In the late '80s, having come to terms with many of his own issues, my dad came back into my life. This time he came easily. There were no more lavish gifts. Instead, he gave me what I'd always wanted, gifts of himself. He visited multiple times. He wrote, he called, he told me stories about his life and his second family, and he asked me questions about my life. He befriended my children and delighted my granddaughter.

His guilt had kept him away. Now, for the first time, he stepped beyond his regrets and became a part of my life. He listened, offered advice when I asked for it, and discussed with me for hours whatever was on my mind. He told me he loved me, and he told me he believed in me. He helped me to feel confident that I could handle whatever was thrown my way.

In 1997, I visited him at his home in California for the first time. I met his second family and bonded with them instantly. It was a visit I'll always remember, and it came just in the nick of time. Six weeks later, he was gone.

Or maybe not. In the early hours of this morning, I dreamed that my daughters and I were sitting on my bed, looking at old photos. After a while, we walked back into the livingroom and found it full of tall, green trees--not plants or flowers, but large trees--in beautiful pots. There were five of them, all different, tucked into nooks around the room, giving it the feeling of a magical place in the forest. My daughters and I stared in amazement, not quite believing what we were seeing, and then we noticed a florist's card stuck into one of the pots.
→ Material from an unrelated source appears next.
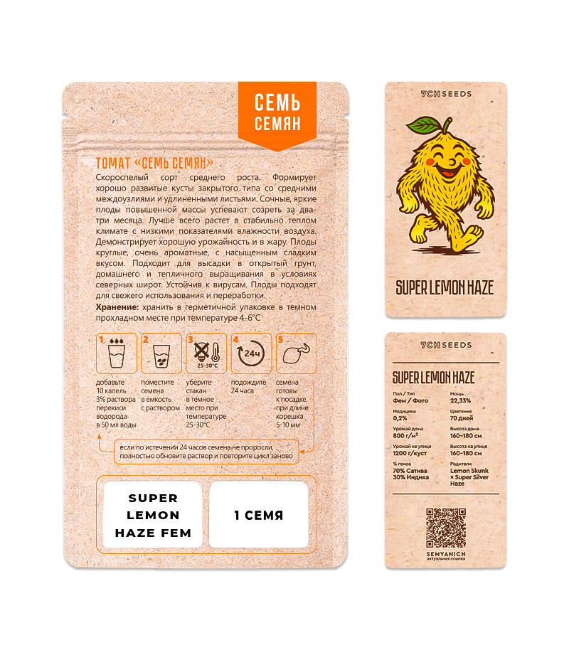 Сорт конопли Super Lemon Haze fem от Семяныча несет в себе генетику двух прославленных семейств. Он отличается неприхотливостью в уходе, насыщенными цитрусовыми вкусоароматическими качествами и обильными показателями урожайности. Его шишки приносят яркий воодушевляющий хай, дарящий эйфорию.

I pulled out the card, opened the tiny envelope, and thought at first that there'd been a mistake. The card was printed to read "Happy Father's Day," and I, of course, have never been a father. Looking more closely, I could see faint traces of ink, where someone had written something below the printed message. I took the card to the window, opened the blinds to let the bright sunlight in, and looked at it again. There, in his own handwriting, was my father's full name. I was so overcome with awe and joy that I immediately burst into tears. It was those wet, happy tears that woke me this morning.

Happy Father's Day to you, too, Fats. This time you really outdid yourself.


  1. The greatest father gives of himself to his family...when he
    runs away he misses more than
    he receives from the going.
    Many of the greatest fathers...
    are mother's struggling to be
    both in a father's absence.

    I am proud my father gave me
    his "present" of presence! If that makes sense. I am proud
    my husband has done the same. My daughters often have told me the
    greatest thing about their own
    father was they knew no matter what he loved them and accepted
    whatever they did. I am often
    "corrective" to them. For example, they each had wrecks in cars we bought them. I worried about the cost of all of it...their
    father always're ok and that is what is important. I think girls learn of male love from their father...if it is lacking from a male (which I know could me step or grandfather), they often seek male attention early or crave that attention. Girls that have a "great" love from a male--their father--usually will not feel they need to find a "male" love as early!

    I may be is just an observance I have made dealing with young females. I teach 12 and 13 year olds...

  2. what a nice story! I'm glad you and your dad had that time before he passed away.

  3. I really appreciated this entry. If my daughters would only recognize how wonderful my second husband is to them...aahh, maybe as they grow older. I do believe that a "father figure" is a girls "first love". I often wonder if dads know the power they hold? Thanks again for posting your experiences.

  4. Sweet-sister: Wow, you made a lot of good points. And I learned that you're a lot more generous than I am. If I'd had all those thoughts to write, I'd have just commented something like, "Nice post," and scrambled on over to write all the good stuff on my own blog. Thanks.

    Janet: I'm glad, too. We made up for lost time.

    Schremsgems: How old are your daughters? I think it's easier when they're really young. When they hit adolescence, it's their JOB not to like their parents, which makes it even harder for the stepparent. But they'll figure it out eventually.